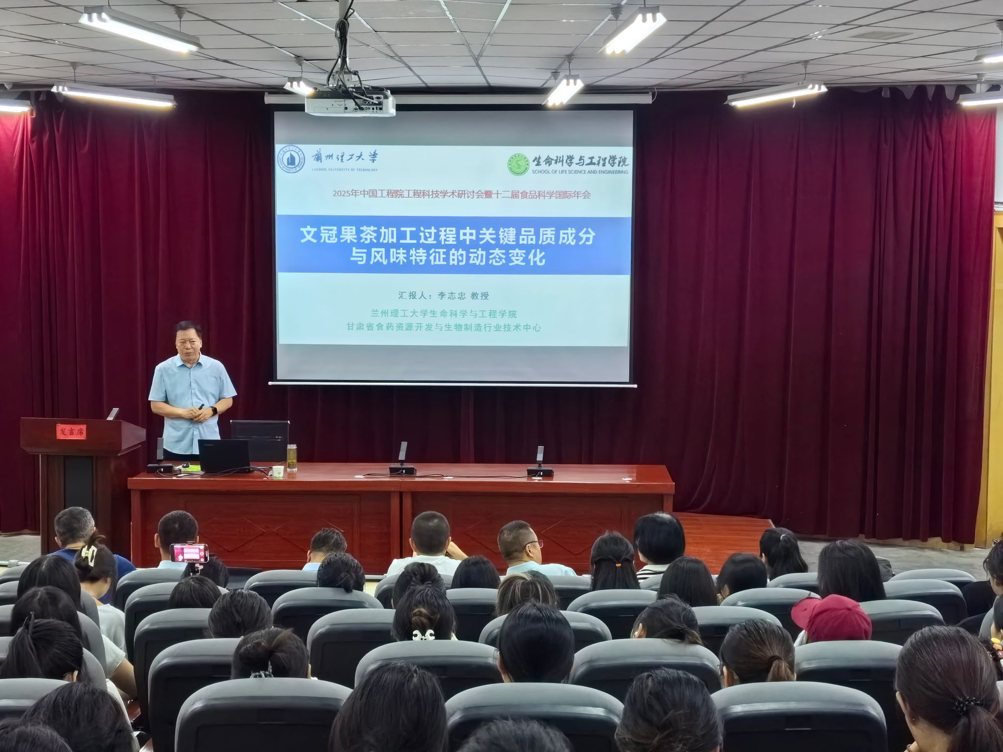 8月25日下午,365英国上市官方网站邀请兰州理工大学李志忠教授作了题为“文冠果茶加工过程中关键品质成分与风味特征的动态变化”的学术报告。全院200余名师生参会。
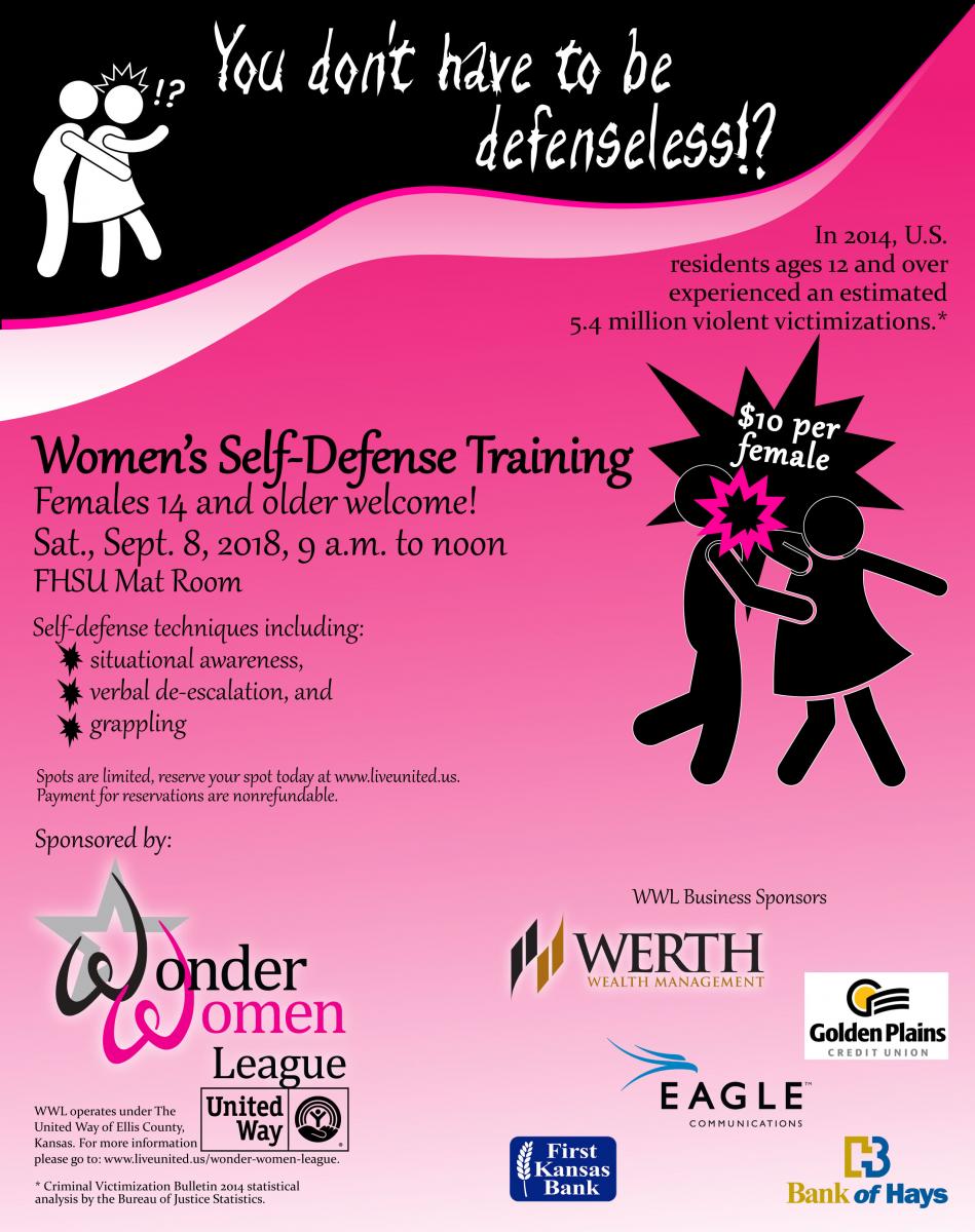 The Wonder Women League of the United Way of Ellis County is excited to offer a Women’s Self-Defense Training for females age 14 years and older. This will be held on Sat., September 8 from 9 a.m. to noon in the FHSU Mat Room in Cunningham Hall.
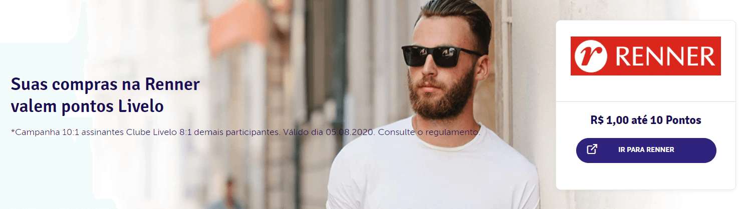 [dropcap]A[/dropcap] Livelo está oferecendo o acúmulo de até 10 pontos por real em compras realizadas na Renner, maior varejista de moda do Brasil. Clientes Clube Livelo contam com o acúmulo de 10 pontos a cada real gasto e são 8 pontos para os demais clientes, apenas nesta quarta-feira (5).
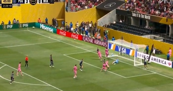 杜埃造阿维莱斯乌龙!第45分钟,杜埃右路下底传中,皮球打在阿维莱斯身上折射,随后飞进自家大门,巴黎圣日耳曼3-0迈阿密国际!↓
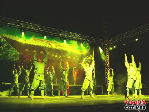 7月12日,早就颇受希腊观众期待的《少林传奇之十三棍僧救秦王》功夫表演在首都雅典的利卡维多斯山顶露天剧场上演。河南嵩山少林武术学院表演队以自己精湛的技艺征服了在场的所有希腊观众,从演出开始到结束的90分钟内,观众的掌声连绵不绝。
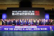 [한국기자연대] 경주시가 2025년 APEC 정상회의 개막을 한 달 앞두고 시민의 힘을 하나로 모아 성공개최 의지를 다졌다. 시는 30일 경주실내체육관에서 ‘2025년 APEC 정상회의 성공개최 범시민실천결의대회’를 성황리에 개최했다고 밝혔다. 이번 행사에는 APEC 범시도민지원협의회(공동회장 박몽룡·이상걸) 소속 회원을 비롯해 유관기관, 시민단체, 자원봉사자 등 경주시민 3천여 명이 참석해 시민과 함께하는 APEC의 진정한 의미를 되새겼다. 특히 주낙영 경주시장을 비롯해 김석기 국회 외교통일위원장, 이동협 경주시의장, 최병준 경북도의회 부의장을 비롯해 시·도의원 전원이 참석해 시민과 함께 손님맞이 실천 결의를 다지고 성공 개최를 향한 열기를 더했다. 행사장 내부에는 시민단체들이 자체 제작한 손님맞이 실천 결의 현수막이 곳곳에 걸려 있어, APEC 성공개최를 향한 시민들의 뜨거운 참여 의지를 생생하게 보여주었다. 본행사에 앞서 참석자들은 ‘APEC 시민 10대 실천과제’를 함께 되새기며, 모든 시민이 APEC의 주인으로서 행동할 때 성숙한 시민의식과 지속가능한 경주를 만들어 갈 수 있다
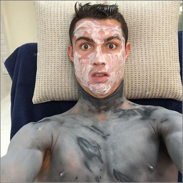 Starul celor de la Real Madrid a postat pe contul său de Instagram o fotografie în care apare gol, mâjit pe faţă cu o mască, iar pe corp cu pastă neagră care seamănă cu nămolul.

::::::::

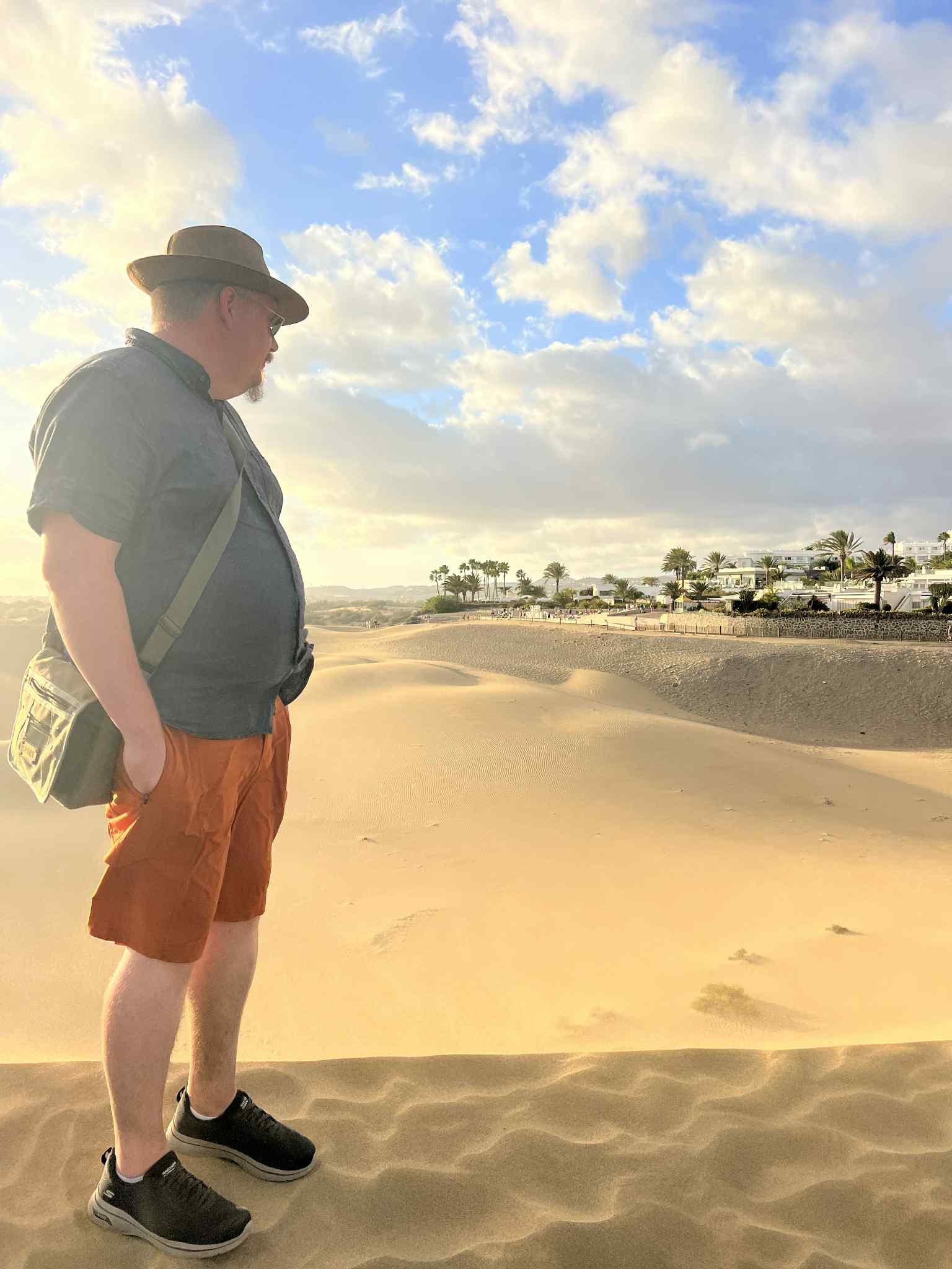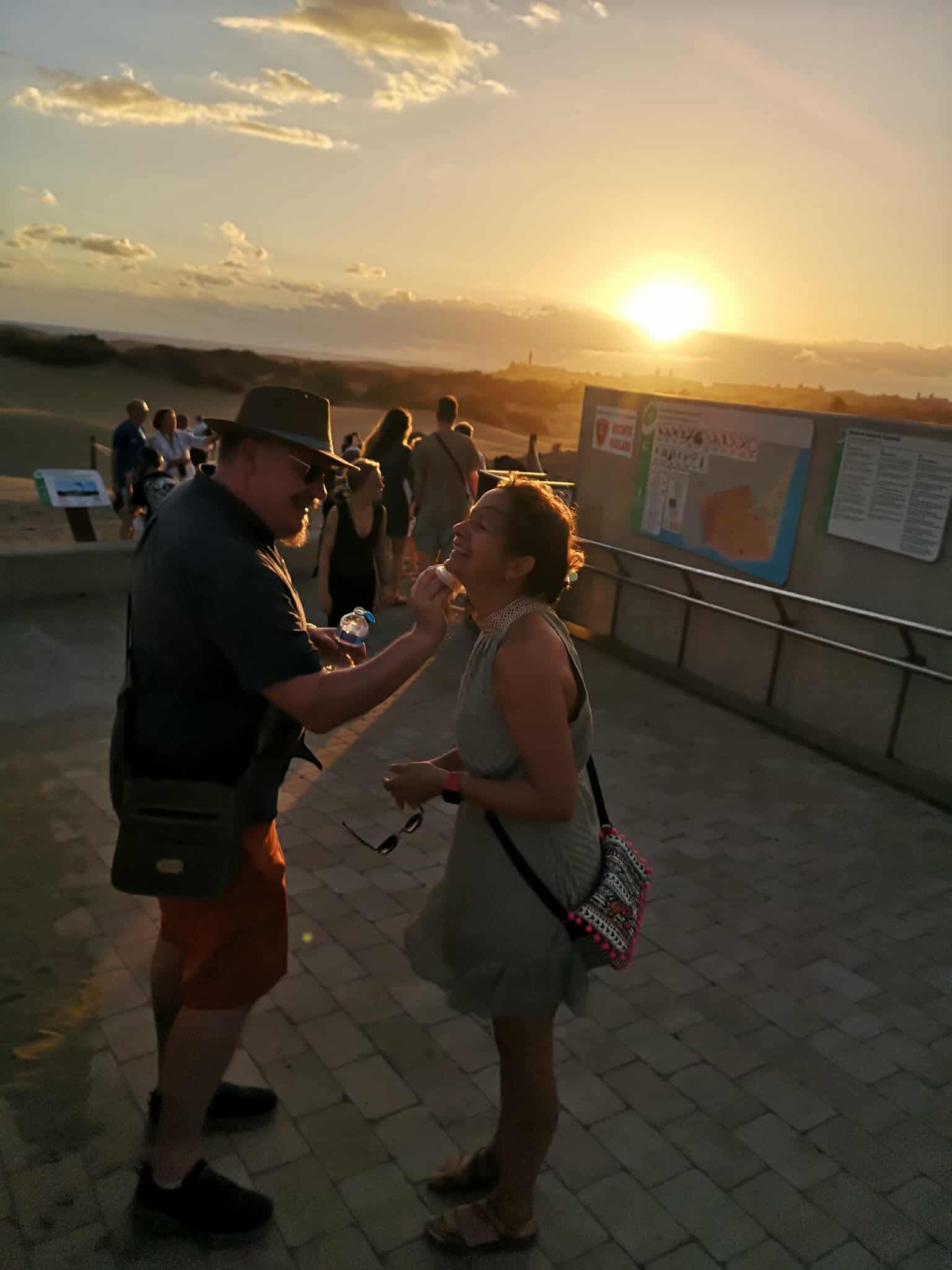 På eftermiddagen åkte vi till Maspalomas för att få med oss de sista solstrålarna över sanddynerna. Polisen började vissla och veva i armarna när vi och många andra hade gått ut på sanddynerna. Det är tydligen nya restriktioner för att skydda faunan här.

::::::::

** Problem description **
Your copy should hold only the lines above from the one containing "杜埃造阿维莱斯乌龙!第45分" through the one containing "Starul celor de", exactly as written and free of pictures.

** Response to this exercise **
 杜埃造阿维莱斯乌龙!第45分钟,杜埃右路下底传中,皮球打在阿维莱斯身上折射,随后飞进自家大门,巴黎圣日耳曼3-0迈阿密国际!↓
 7月12日,早就颇受希腊观众期待的《少林传奇之十三棍僧救秦王》功夫表演在首都雅典的利卡维多斯山顶露天剧场上演。河南嵩山少林武术学院表演队以自己精湛的技艺征服了在场的所有希腊观众,从演出开始到结束的90分钟内,观众的掌声连绵不绝。
 [한국기자연대] 경주시가 2025년 APEC 정상회의 개막을 한 달 앞두고 시민의 힘을 하나로 모아 성공개최 의지를 다졌다. 시는 30일 경주실내체육관에서 ‘2025년 APEC 정상회의 성공개최 범시민실천결의대회’를 성황리에 개최했다고 밝혔다. 이번 행사에는 APEC 범시도민지원협의회(공동회장 박몽룡·이상걸) 소속 회원을 비롯해 유관기관, 시민단체, 자원봉사자 등 경주시민 3천여 명이 참석해 시민과 함께하는 APEC의 진정한 의미를 되새겼다. 특히 주낙영 경주시장을 비롯해 김석기 국회 외교통일위원장, 이동협 경주시의장, 최병준 경북도의회 부의장을 비롯해 시·도의원 전원이 참석해 시민과 함께 손님맞이 실천 결의를 다지고 성공 개최를 향한 열기를 더했다. 행사장 내부에는 시민단체들이 자체 제작한 손님맞이 실천 결의 현수막이 곳곳에 걸려 있어, APEC 성공개최를 향한 시민들의 뜨거운 참여 의지를 생생하게 보여주었다. 본행사에 앞서 참석자들은 ‘APEC 시민 10대 실천과제’를 함께 되새기며, 모든 시민이 APEC의 주인으로서 행동할 때 성숙한 시민의식과 지속가능한 경주를 만들어 갈 수 있다
 Starul celor de la Real Madrid a postat pe contul său de Instagram o fotografie în care apare gol, mâjit pe faţă cu o mască, iar pe corp cu pastă neagră care seamănă cu nămolul.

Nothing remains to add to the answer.